## What you need to do
Your task is to copy the lines from the line containing "and I own Elizabeth" through the end of the listing below, both included, without any pictures.

## Dataset section
BEGIN
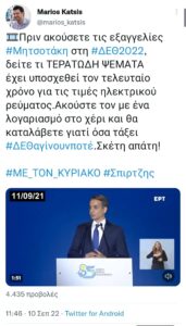 “Πριν ακούσετε τις εξαγγελίες #Μητσοτάκη στη #ΔΕΘ2022, δείτε τι ΤΕΡΑΤΩΔΗ ΨΕΜΑΤΑ έχει υποσχεθεί τον τελευταίο χρόνο για τις τιμές ηλεκτρικού ρεύματος. Ακούστε τον με ένα λογαριασμό στο χέρι και θα καταλάβετε γιατί όσα τάξει #ΔΕΘαγίνουνποτέ.Σκέτη απάτη!”
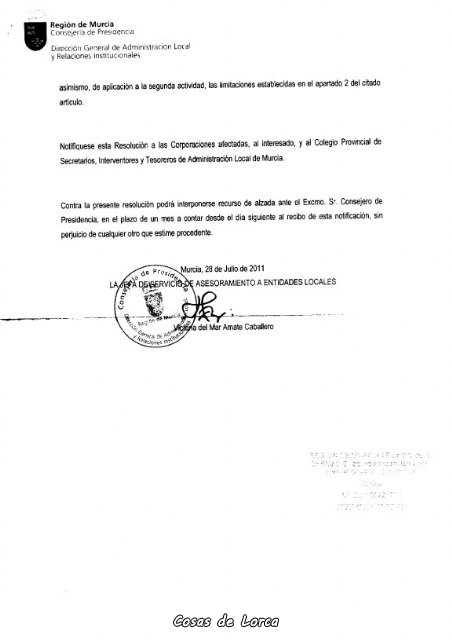 Habida cuenta de las críticas vertidas por Antonio Meca contra el interventor municipal, desde el Ayuntamiento se recuerda que este funcionario cuenta con autorización expresa por parte de la Dirección general de Administración Local desde julio de 2011 para la prestación de su trabajo en Lorca y Beniel, idéntica situación que presentan miles de funcionarios de habilitación nacional en toda España, incluidos varias ciudades de nuestra región.
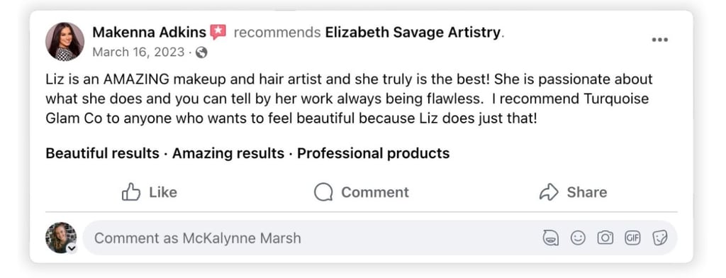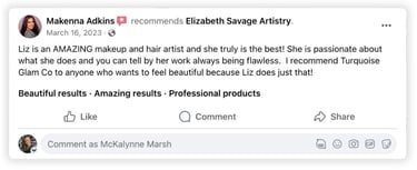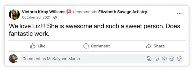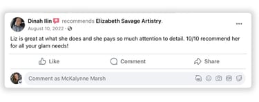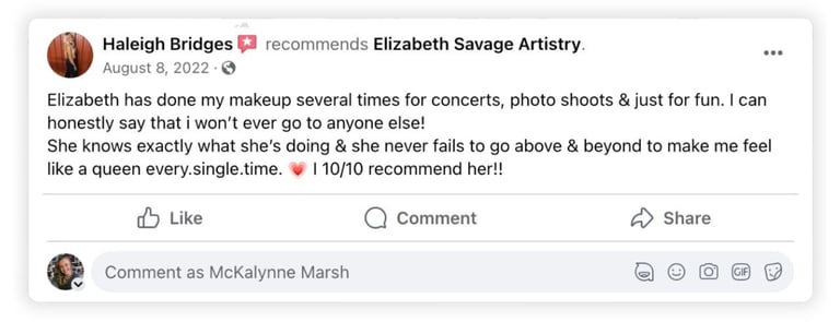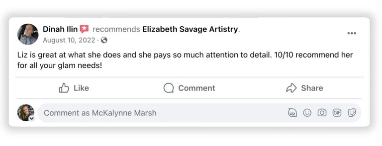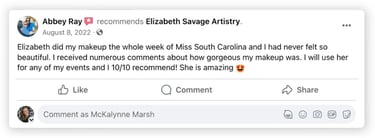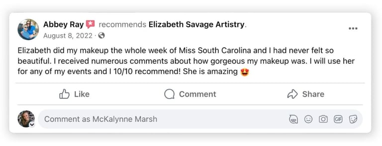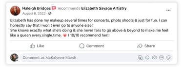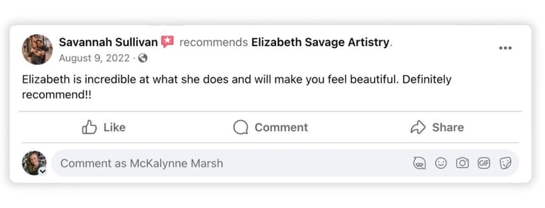 and I own Elizabeth Savage Artistry. My mission is to enhance your beauty and make you feel as beautiful as you already are."
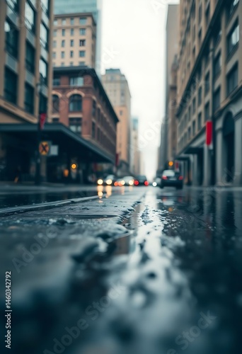 © KWY, Fototapeta premium wet city street with buildings and cars
END
## Answer to this exercise
 and I own Elizabeth Savage Artistry. My mission is to enhance your beauty and make you feel as beautiful as you already are."
 © KWY, Fototapeta premium wet city street with buildings and cars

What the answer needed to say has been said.